Ci sono alcuni motivi per cui potresti voler aggiungere intestazioni personalizzate sul tuo sito web, tuttavia il motivo più comune oggi è aggiungere intestazioni di sicurezza Apache o nginx. Molte di queste intestazioni non possono essere pre-applicate a livello globale in quanto influenzerebbero direttamente la funzionalità di alcuni siti che si basano su funzionalità che queste intestazioni limiterebbero, quindi applicarle in base al sito è il modo migliore e unico per aggiungerle.
Ecco un paio di altri motivi per cui potresti voler aggiungere intestazioni personalizzate:
- Una guida per un'applicazione web ti ha detto di modificare o aggiungere intestazioni HTTP/HTTPS alla configurazione del tuo server web
- Desideri aggiungere uno dei seguenti tipi di intestazioni:Vary, CORS, Cache-Control, X-Frame-Options, ecc.
CONSIGLIO :i documenti di supporto di Plesk sull'aggiunta di intestazioni CORS indicano di aggiungere queste intestazioni ai campi che non vedi in Plesk, perché solo gli amministratori hanno accesso per modificare i campi "Direttive aggiuntive". I passaggi seguenti risolveranno questo problema.

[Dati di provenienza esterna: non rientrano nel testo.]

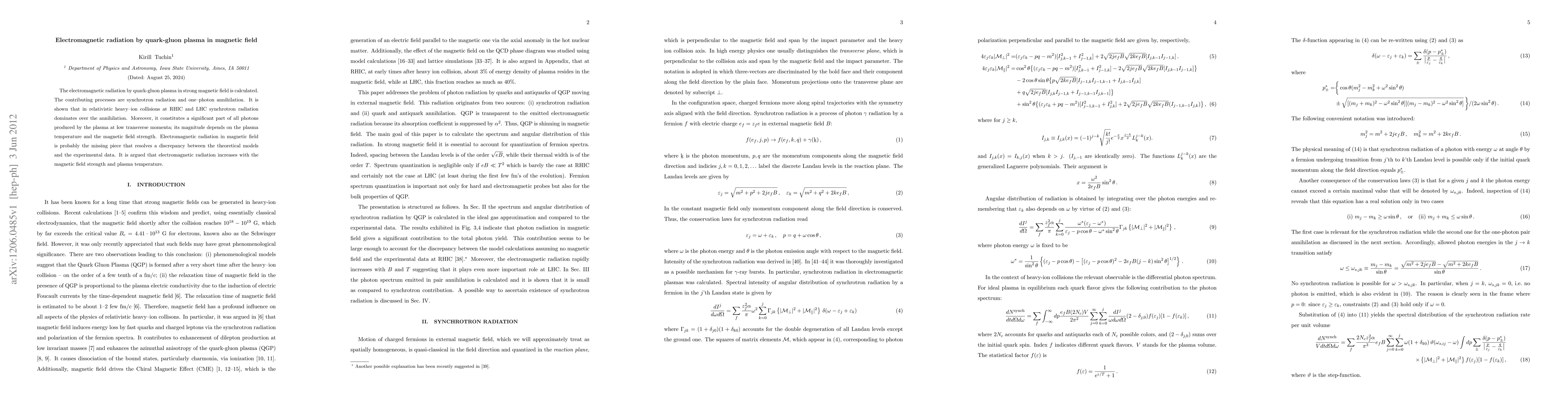 This paper calculates electromagnetic radiation from quark-gluon plasma in strong magnetic fields, showing synchrotron radiation dominates over one-photon annihilation in relativistic heavy-ion collisions. It suggests this radiation resolves discrepancies between theoretical models and experimental data, increasing with magnetic field strength and plasma temperature.

Per fortuna Plesk ha una funzione che lo rende facile! Ecco come fare:
- Inizia accedendo a Plesk
- Trova il tuo dominio nell'elenco e fai clic su di esso per modificarne la configurazione oppure concentrati sulla griglia delle opzioni di configurazione dei pulsanti. Se le tue opzioni sono a schede, fai clic sulla scheda "Hosting e DNS"
- Seleziona il pulsante chiamato "Impostazioni Apache e nginx"
- In Impostazioni comuni di Apache troverai Intestazioni aggiuntive . Seleziona "Inserisci valore personalizzato" e inserisci qui le tue intestazioni. Si noti che anche se il titolo di questa sezione include "Apache", la maggior parte (se non tutti) gli elementi qui si applicheranno a nginx a meno che non sia disabilitato. Un esempio del formato/sintassi da utilizzare è fornito sotto la casella di immissione del testo.
- Il formato da utilizzare qui è
Header: Value - Al termine, scorri verso il basso e fai clic su OK.
Intestazioni di sicurezza comuni da utilizzare
Quello che segue è un ottimo set di intestazioni di sicurezza da applicare al tuo sito, anche se ti consigliamo vivamente di cercare come impostare una Content-Security-Policy poiché il valore corretto dipenderà fortemente dal contenuto del tuo sito.
X-Frame-Options: SAMEORIGIN X-XSS-Protection: 1; mode=block X-Content-Type-Options: nosniff Content-Security-Policy: frame-ancestors 'self'; img-src 'self' https://secure.gravatar.com https://www.facebook.com https://i.ytimg.com
Queste intestazioni impediscono ad altri siti di fare cose dannose con il tuo sito. Ad esempio, X-Frame-Options specifica che solo i siti/app in esecuzione sul tuo dominio possono inserire il tuo sito in un frame/iframe.
Avviso: Potresti non voler utilizzare Content-Security-Policy se utilizzi WordPress e aggiungi regolarmente nuove funzionalità. L'obiettivo di questa intestazione è garantire che solo le fonti specificate nell'elenco siano autorizzate a fornire file per il tuo sito web . Se imposti questa intestazione e poi aggiungi funzionalità al sito che si basa su una risorsa (immagine, javascript, foglio di stile) non inclusa in tale elenco, la funzionalità probabilmente non funzionerà finché non la aggiungi. Detto questo, puoi utilizzare la nostra guida all'utilizzo del Web Inspector del browser e della relativa scheda della console per diagnosticare tali problemi e aggiornare l'intestazione CSP poiché gli errori relativi a questo verranno segnalati lì.